September, 2009

The NIH established the Grand Opportunities “GO” grants program as part of the Recovery act to support high yield, short-term projects that address large, specific biomedical and bio-behavioral research endeavors.  Two CCGS faculty members recently received these highly competitive stimulus grants.

Morgan Giddings and Co-PI Xian Chen were awarded $1.6M from the NHGRI to generate and analyze proteomic datasets for annotation of ENCODE human cell lines.  ENCODE is a consortium spearheaded by NHGRI to produce a comprehensive map of functional elements in the human genome.  The Giddings lab will further proteogenomic mapping efforts by using advanced mass spectrometry methods to generate large-scale proteomic datasets using the same ENCODE cell lines used for transcription mapping.  A community accessible database will be constructed to store and manage the datasets which will be mapped to human genome drafts on a UCSC genome browser track.  As the ENCODE project scales up, these advances to existing mapping technologies will further ENCODE efforts to identify the subset of transcripts that encode proteins.

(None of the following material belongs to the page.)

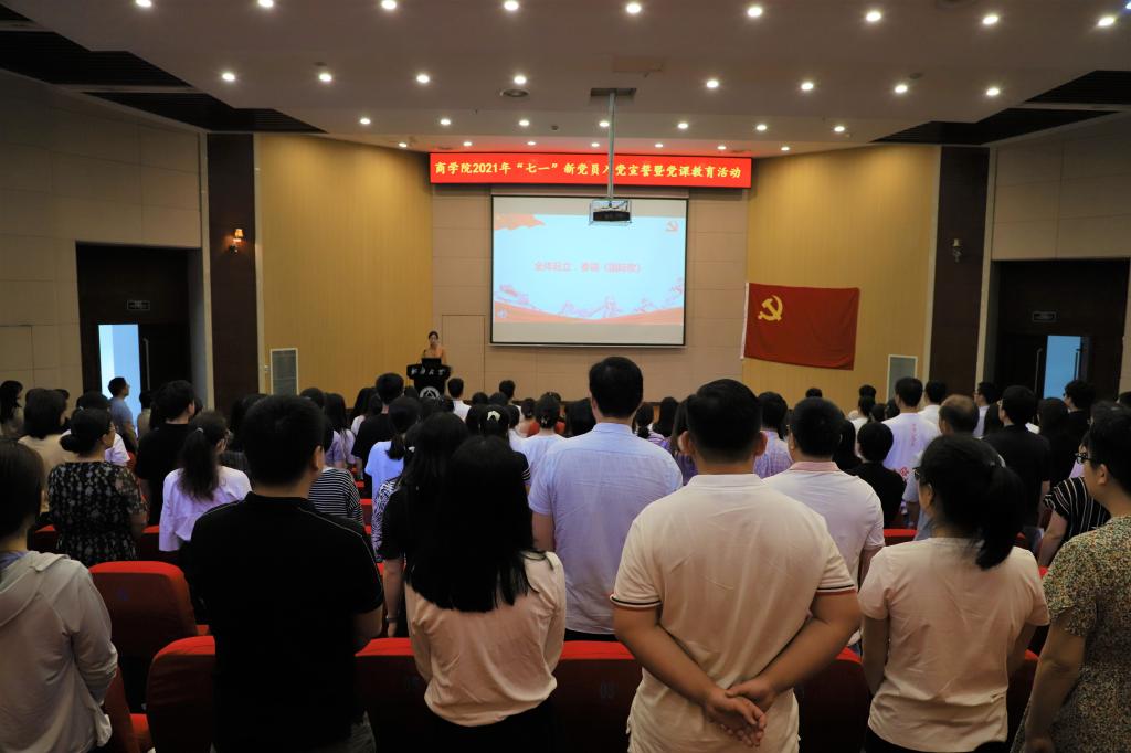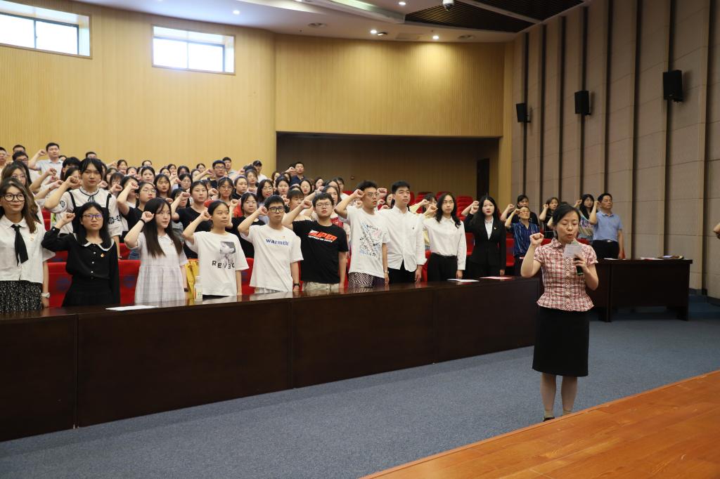 活动在庄严的国际歌声中开始。首先举行新党员入党宣誓仪式,成人片 党委副书记兼副院长徐静领誓,75名新党员面向党旗庄严宣誓,表达对党忠诚、永不叛党和愿意为共产主义事业奋斗终身的决心。在场的老党员也一同重温了入党誓词,牢记入党初心,筑牢信仰之基,强化使命担当。
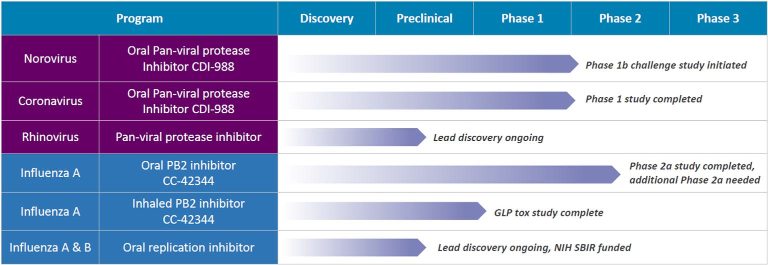 In September 2025 we received a Study May Proceed Letter from the FDA to conduct a Phase 1b challenge study in the U.S. evaluating CDI-988 as a norovirus preventive and treatment. In December 2025, we received Institutional Review Board approval from Emory University School of Medicine, the clinical study site for the Phase 1b trial, and announced that subject screening for the study was underway. In February 2026, we announced commencement of the Phase 1b challenge study at Emory University School of Medicine. The study’s primary efficacy endpoint is to assess the reduction in incidence of clinical symptoms, while the secondary efficacy endpoint focuses on the reduction in viral shedding and disease severity. The study will also assess the safety and pharmacokinetic profile of CDI-988.

With his GO award, Pat Sullivan proposes experiments aimed at discovering DNA and RNA biomarkers for major depressive disorder (MDD) by developing a comprehensive understanding of the genomics of transcription in normal and affected twins. This work is essential to developing a more complete understanding of the biological basis of MDD, a common complex trait associated with considerable morbidity, mortality, and personal/societal cost.  The 2-year grant from the NIMH provides $3.3M in funding to achieve two aims.  First, they will conduct an eQTL study of mono- and dizygotic twin pairs.  Genome-wide SNPs and CNVs will be assayed as well as genome-wide methylation, miRNA, exon splicing, and nucleosome occupancy.  RNA-seq will be also be conducted on a subset of samples.  Comprehensive analyses will determine the genetic architecture and genome-wide associations for every transcript to provide a detailed catalog of the architecture of transcription.  The second aim will capitalize on the results from Aim 1 and a large MDD study with repeated clinical and biological assessments to identify biomarkers for MDD.